Fired for a tweet

A New York food truck company has met angry backlash and calls for a boycott for firing an employee who Tweet-shamed non-tipping customers.

Fired for a tweet

A New York food truck company has met angry backlash and calls for a boycott for firing an employee who Tweet-shamed customers who refused to tip on a $170 order.

The employee in question, Brendan O’Connor, is an intern at The Awl, a New York focused website, and worked at Milk Truck – a food truck that specialises in ‘artisinal’ grilled cheese sandwiches and milkshakes.

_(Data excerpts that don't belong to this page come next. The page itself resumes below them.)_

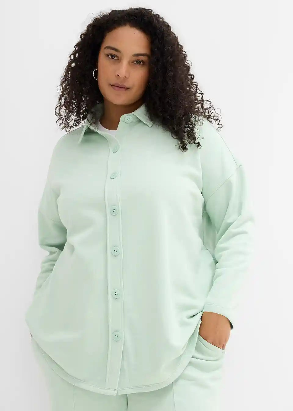 Dugačka sweat jakna s kopčanjem i ušivenim džepovima
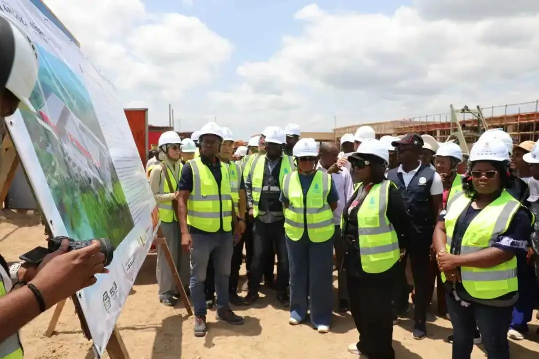安哥拉时间2026年1月17日, 安哥拉共和国渔业和海洋资源部部长卡门·多斯桑托斯(Carmen dos Santos)阁下,在渔业部国务秘书阿尔瓦罗·达库尼亚·坎迪多·多斯桑托斯(Álvaro da Cunha Cândido dos Santos)、北宽扎省第一副省长埃斯佩兰萨·多明戈斯·罗德里格斯(Esperança Domingos Rodrigues)的陪同下,赴北宽扎省视察集团公司中安雷竣建筑有限公司(以下简称“中安雷竣”)承建的渔业培训中心项目。该工程总占地面积约4550㎡,包括鱼类加工区、行政区、实验室以及2个渔船停靠码头等,项目配备了全循环水产品加工线,可提供水产品加工与质量安全等多方面的专业培训,为构建安哥拉渔业可持续发展人才引擎奠定基础。集团公司副总裁魏瑞海、第一事业部常务副总经理朱锡松等全程陪同。
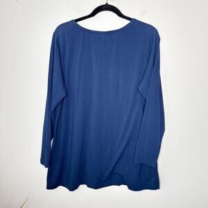 J.Jill Stretch Blue Floral Cross-Stitch Crew Neck Knit Long Sleeve Top Size 1X

One day, during the lunch rush hour, employees from Glass, Lewis and Company placed a large, complicated order and failed to leave a tip, even when they were asked if they had intended not to. O’Connor decided to shame them publicly, by posting a tweet that read: “Shout out to the good people of Glass, Lewis & Co. for placing a $170 order and not leaving a tip. @glasslewis.”

The next day, Milk Truck tweeted their apologies for his behaviour, but it didn’t stop there.

O’Connor wrote about the incident in The Awl and described how two days after the tweet his boss asked if he could talk that afternoon. He told O’Connor that he had received a call from the company. “Apparently, those employees were mortified that their lunch truck had tip-shamed them – the home office in San Francisco even got involved,” O’Connor wrote.

His boss said that he had to let him go; “The company has a way of doing things and he thought I’d understood that,” O’Connor wrote.

O’Connor has since told the New York Daily News that he wasn’t surprised that he was fired. However, he clearly thought the case highlighted some inequities. “A part-time food-truck worker with 300 Twitter followers managed to shame some Wall Street firm into getting him fired. What  a world,” he concluded The Awl piece.

Would you have fired O’Connor for Tweet-shaming Glass, Lewis and Company? Or should his boss stood by his actions?